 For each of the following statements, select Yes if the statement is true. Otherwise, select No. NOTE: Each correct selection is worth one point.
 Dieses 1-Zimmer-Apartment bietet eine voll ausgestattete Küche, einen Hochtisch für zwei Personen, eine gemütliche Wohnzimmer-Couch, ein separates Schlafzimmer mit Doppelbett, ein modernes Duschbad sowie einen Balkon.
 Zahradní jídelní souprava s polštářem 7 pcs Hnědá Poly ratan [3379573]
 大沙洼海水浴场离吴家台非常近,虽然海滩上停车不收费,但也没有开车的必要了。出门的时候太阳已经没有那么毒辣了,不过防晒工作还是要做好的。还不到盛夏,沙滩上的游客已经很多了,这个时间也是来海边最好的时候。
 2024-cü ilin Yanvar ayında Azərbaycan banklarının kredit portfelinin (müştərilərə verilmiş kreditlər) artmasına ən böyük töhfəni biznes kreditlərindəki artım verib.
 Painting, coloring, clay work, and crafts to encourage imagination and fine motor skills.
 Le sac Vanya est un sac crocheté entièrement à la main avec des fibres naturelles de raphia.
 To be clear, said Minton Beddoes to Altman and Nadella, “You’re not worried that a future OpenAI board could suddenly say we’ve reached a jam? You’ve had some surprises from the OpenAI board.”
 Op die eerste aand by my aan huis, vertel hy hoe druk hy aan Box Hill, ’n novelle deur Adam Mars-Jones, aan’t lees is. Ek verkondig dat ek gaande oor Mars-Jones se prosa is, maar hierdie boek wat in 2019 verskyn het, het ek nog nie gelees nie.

--

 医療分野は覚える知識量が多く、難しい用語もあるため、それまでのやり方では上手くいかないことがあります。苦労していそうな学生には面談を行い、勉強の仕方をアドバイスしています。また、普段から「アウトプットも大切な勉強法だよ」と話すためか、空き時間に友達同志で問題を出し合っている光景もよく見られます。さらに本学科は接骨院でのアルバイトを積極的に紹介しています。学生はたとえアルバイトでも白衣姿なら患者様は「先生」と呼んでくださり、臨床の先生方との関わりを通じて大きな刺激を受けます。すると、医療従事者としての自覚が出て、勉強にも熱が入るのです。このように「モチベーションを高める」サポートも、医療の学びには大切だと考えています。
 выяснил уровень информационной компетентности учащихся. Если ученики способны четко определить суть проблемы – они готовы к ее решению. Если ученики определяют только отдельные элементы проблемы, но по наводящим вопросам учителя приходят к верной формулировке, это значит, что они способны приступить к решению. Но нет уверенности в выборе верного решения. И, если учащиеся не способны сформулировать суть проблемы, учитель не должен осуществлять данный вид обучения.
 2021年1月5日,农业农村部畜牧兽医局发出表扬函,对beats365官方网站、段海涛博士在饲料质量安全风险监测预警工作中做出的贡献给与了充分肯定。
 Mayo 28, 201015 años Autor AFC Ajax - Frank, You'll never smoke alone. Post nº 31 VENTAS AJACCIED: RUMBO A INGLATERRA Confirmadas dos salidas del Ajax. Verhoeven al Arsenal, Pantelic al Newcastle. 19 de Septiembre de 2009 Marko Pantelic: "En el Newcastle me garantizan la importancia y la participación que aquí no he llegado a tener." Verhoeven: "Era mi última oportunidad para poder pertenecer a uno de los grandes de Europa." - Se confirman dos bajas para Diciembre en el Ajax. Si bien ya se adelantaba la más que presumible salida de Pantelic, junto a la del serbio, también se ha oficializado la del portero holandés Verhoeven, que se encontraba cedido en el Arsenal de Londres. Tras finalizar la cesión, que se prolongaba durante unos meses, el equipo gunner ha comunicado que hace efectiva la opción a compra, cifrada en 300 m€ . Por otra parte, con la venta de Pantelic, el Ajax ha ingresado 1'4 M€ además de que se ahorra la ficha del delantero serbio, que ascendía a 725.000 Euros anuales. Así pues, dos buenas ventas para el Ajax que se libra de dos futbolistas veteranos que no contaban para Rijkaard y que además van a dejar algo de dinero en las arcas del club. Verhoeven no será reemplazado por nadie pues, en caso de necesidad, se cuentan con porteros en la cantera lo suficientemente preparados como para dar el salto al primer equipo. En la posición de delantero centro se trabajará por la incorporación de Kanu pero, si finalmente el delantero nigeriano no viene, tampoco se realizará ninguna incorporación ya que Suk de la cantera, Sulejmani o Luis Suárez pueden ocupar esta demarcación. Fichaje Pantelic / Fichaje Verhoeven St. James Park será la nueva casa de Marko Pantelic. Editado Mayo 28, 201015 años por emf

--

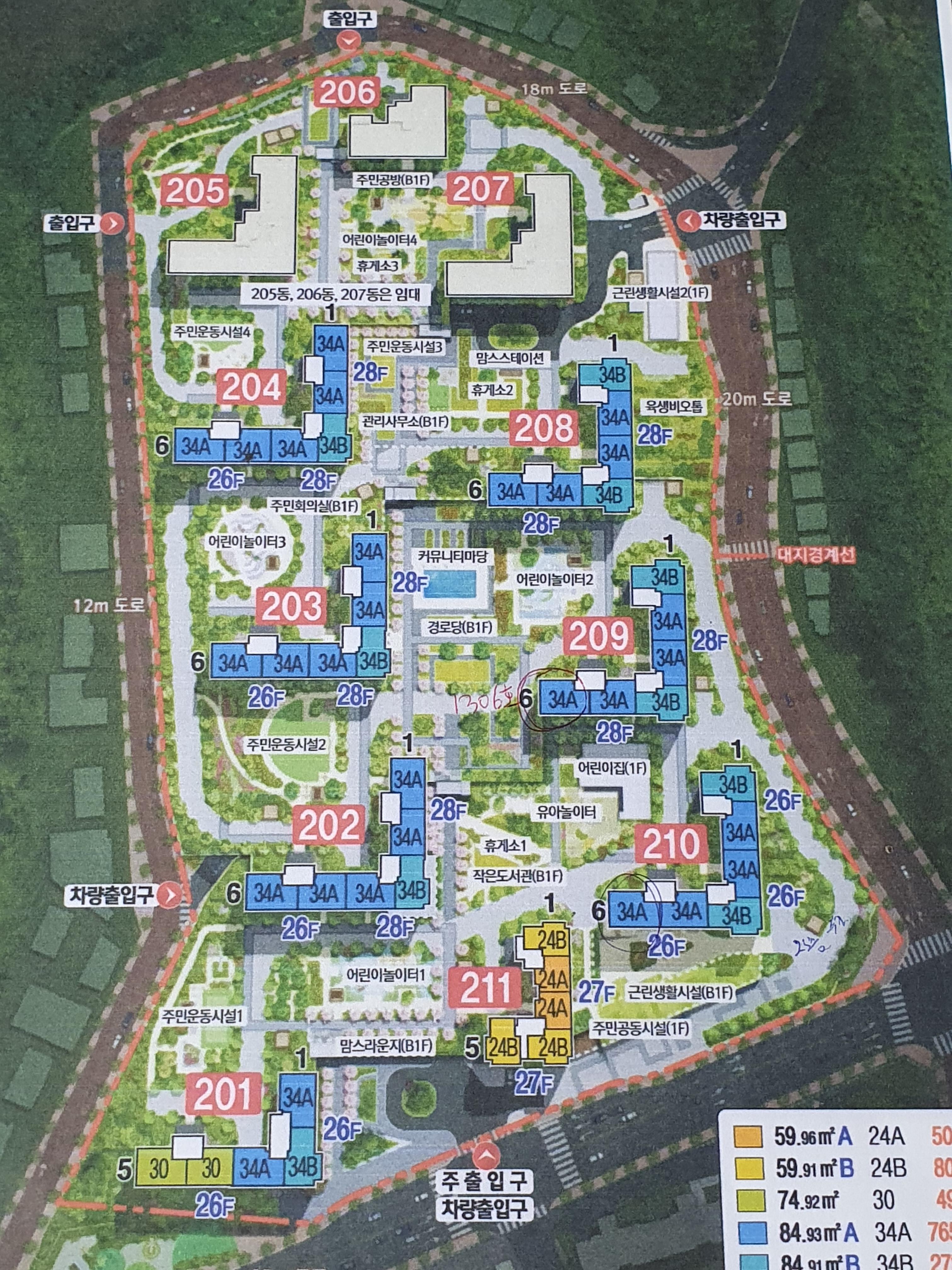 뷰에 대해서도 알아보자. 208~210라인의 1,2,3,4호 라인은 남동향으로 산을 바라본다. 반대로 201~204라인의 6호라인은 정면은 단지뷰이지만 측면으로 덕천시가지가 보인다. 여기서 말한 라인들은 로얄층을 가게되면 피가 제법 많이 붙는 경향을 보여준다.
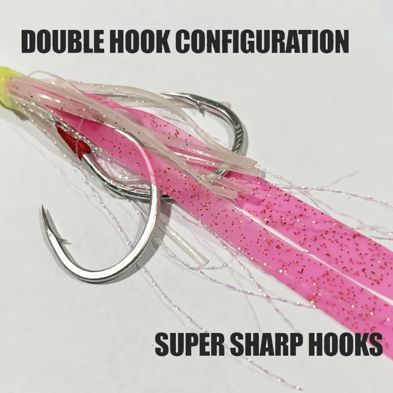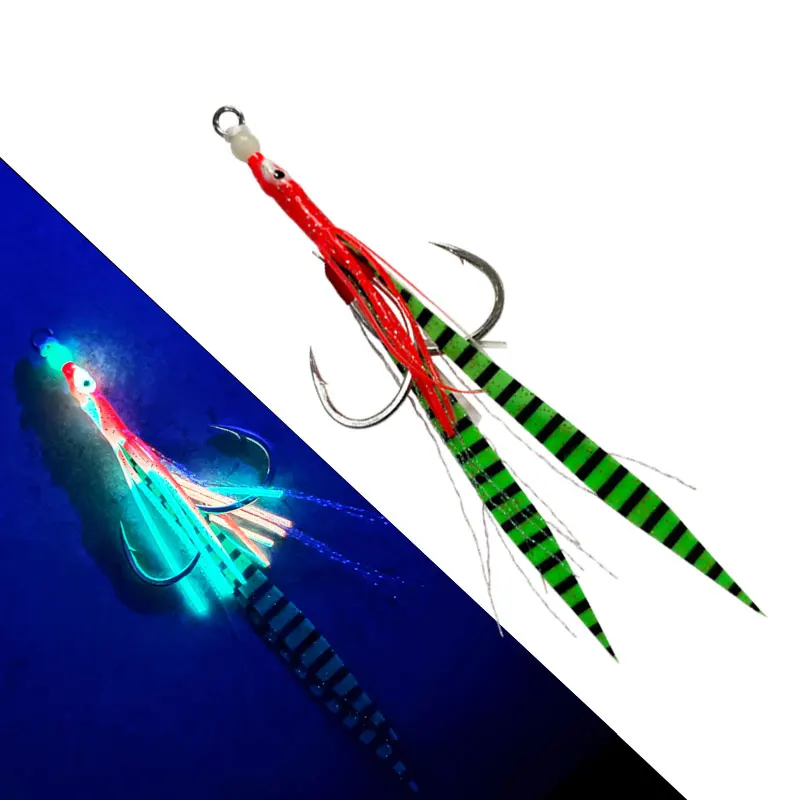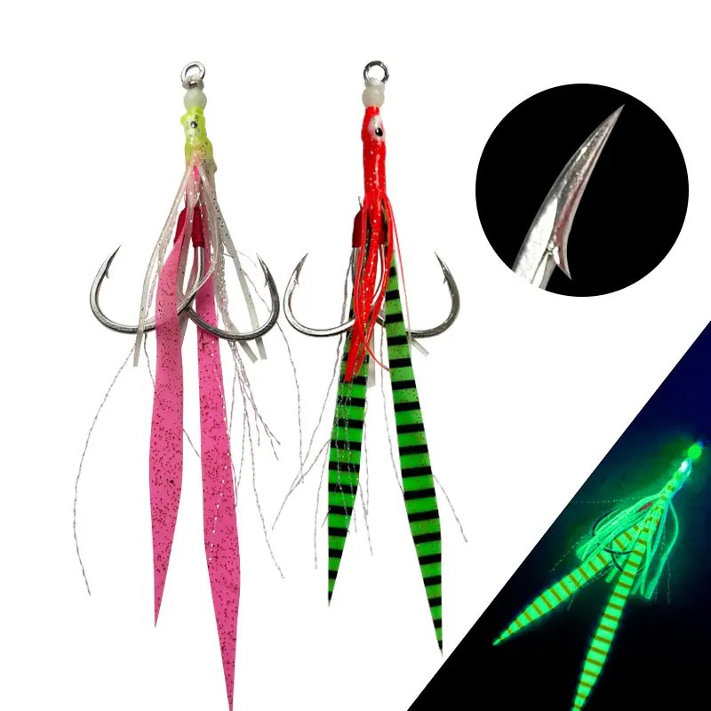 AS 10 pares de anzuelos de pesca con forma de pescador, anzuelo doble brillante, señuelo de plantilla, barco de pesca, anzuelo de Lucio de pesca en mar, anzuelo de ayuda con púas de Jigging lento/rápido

### [Aim of the task]
Only those lines of the entries above that run from the line containing "2024-cü ilin Yanvar" to the line containing "Op die eerste", both included, should be transcribed exactly.

### [Response to this exercise]
 2024-cü ilin Yanvar ayında Azərbaycan banklarının kredit portfelinin (müştərilərə verilmiş kreditlər) artmasına ən böyük töhfəni biznes kreditlərindəki artım verib.
 Painting, coloring, clay work, and crafts to encourage imagination and fine motor skills.
 Le sac Vanya est un sac crocheté entièrement à la main avec des fibres naturelles de raphia.
 To be clear, said Minton Beddoes to Altman and Nadella, “You’re not worried that a future OpenAI board could suddenly say we’ve reached a jam? You’ve had some surprises from the OpenAI board.”
 Op die eerste aand by my aan huis, vertel hy hoe druk hy aan Box Hill, ’n novelle deur Adam Mars-Jones, aan’t lees is. Ek verkondig dat ek gaande oor Mars-Jones se prosa is, maar hierdie boek wat in 2019 verskyn het, het ek nog nie gelees nie.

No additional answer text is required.